Wednesday, July 23, 2008

Pinpointing Crme

Heather Brooke in the Guardian last week suggests that the reason crime statistics are not published at a very detailed level by the Met is because they are concerned about being held to account for crime:
Knowing what crimes happen and where is important for several reasons. First, people want to know how safe (or unsafe) they are. They need accurate and detailed data if they are to form an opinion of the safety of their neighbourhood. When they know what's happening, they are in a better position to help or support the police. They are also better able to hold the police to account. This is perhaps what the police fear most...
Perhaps this is oversimplifying the issue. There has been much discussion within academic and police circles about the anonymisation of crime statistics, what precisely would constitute adequate anonymity? Is just leaving out the victims name but providing precise address details sufficient? Remember that a unit postcode in urban areas represents about 12 houses, would it be ok to pinpoint a crime to that extent? Heather Brooke talks about mapping crime to "street level" - unfortunately defining a street for this purpose may not be as easy as it sounds, how would one distinguish between a cul de sac with only 4 houses and a major thoroughfare with several hundred? There may also be some crime types which need to be anonymised to a greater extent than others to ensure that no one can deduce the identity of the victim (or alleged perpetrator) from the apparent location shown on a crime map - family violence and child abuse for example might fall into this category.

Publishing information that can be de-anonymised (horrible word) through local knowledge for example could be counter productive and might indeed breach a victims right to privacy. The potential difficulties are not insuperable and I do not believe that the reluctance to publish detailed information by the police service is part of an effort to avoid being held accountable.

Perhaps what is needed is a carefully considered model of what information should be published at what level of granularity to protect the rights of the victim whilst providing useful information to the public. One for the Jill Dando Institute?

5 comments:

Charles said...

All good points, Steve, especially about how anonymised a (for example) postcode would be.

But I'd take issue with this: "I do not believe that the reluctance to publish detailed information by the police service is part of an effort to avoid being held accountable."

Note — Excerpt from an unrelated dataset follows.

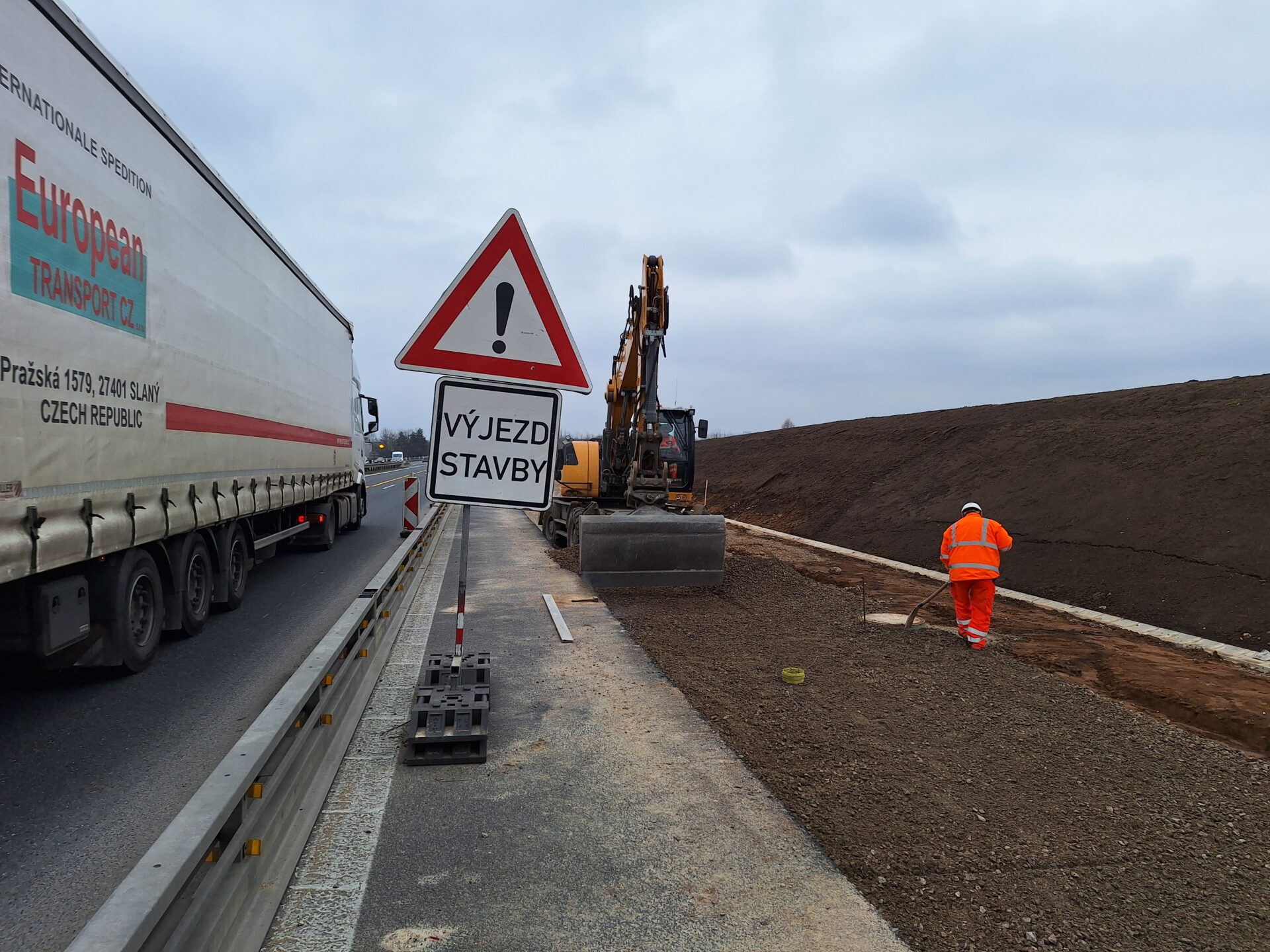 Místem prací, mezi 2. – 3. km, se jezdí s omezením, sníženou rychlostí na 80 km/h maximálně a v režimu 2+2 zúžené pruhy s tím, že ve směru na Prahu je doprava převedena do protisměru. EXIT 3 směr Praha zůstává nadále uzavřen.

Well, there's definitely resistance among police forces to have their crime stats revealed even to each other; Brian Paddick explained as much on the Today programme (there's a transcript on the Free Our Data blog).

Steven said...

Charles

Reading through the interview transcript at http://www.freeourdata.org.uk/blog/?p=200 it seems that Brian Paddick is suggesting that the principal way that the crime maps would impact on crime levels is through peer review rather than public scrutiny.

If there was a national site that accumulated and where appropriate aggregated crime statistics people would not only be able to understand trends in their neighbourhood but would also be able to benchmark one force against another - would be powerful for the Home office as well.

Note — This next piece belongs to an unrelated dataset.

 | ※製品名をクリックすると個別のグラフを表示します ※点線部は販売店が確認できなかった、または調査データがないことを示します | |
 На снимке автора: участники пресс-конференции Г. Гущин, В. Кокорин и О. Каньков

Christopher Osborne said...

Unfortunately we're dealing with a public service that can't even introduce a nation-wide database system.

They need to sort out their base infrstructure now, and then start thinking about analysis. All police forces store their data according to different conventions, any analysis on inconsistent data is bunk.

You'd have one police force proudly displaying their reduced crime dates and another one claiming that they'd cooked the books.

Lets not even talk about the fact that the Police and Ambulance services don't even share data...

Steven said...

Christopher

I think we agree.

We need a national database which drives a standard approach to recording stats and would allow meaningful comparisons. The current situation which each force deciding what to publish and at what level of granularity and currency is not ideal.

Data sharing between emergency services is another topic but i would imagine that the police would be happy to at least share the data they are willing to make public through some form of interface.